Engineers from BASF and automotive specialist Mann + Hummel have collaborated on the development of the world’s first plastic active manifold for direct-injection petrol engines. The component has gone into series production on the new Audi A4 2.0 FSI 4V.

With the FSI engines, unlike conventional petrol engines, the fuel is injected directly into the combustion chamber (FSI: Fuel Stratified Injection). This, claim the developers, increases torque and power, lowers fuel consumption, and significantly improves emission data.

The lower and inner parts of the newly developed manifold are made of Ultramid B3WG6, while the upper shell is made of Ultramid B3EG6 Titanium Grey.

BASF claims that the dimensional, thermal and chemical stability of Ultramid make it ideal for this application. It must, for example, be capable of tolerating the high temperature and corrosive chemicals of the exhaust gas during exhaust gas recirculation (EGR).

A further advantage is that the material’s high colour stability under corrosive conditions fulfils Audi’s designers’ special requirements on engine styling without additional painting.

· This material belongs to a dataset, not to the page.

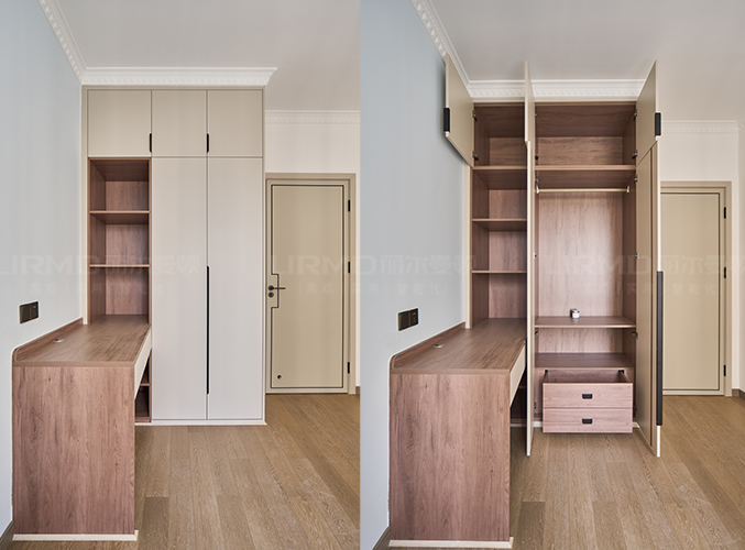 18mm厚杉木芯板,淺色柜門(mén)加深色柜體的碰撞,視覺(jué)效果更好,下方懸空設(shè)計(jì),好放置鞋子,

Mann & Hummel’s switching active system consists of two parts. Firstly, a rotary valve drum with a sealing cage controls the length of the intake pipes, and makes for a significant improvement in engine characteristics (torque and power).

Then, the CVTS (Continuous Variable Tumble System) flange controls the air flow; creating a finely distributed, homogeneous fuel-air mixture in the combustion chamber. The Rotary valve drum, sealing cage and parts of the CVTS flange are also made of glass-fibre reinforced Ultramid.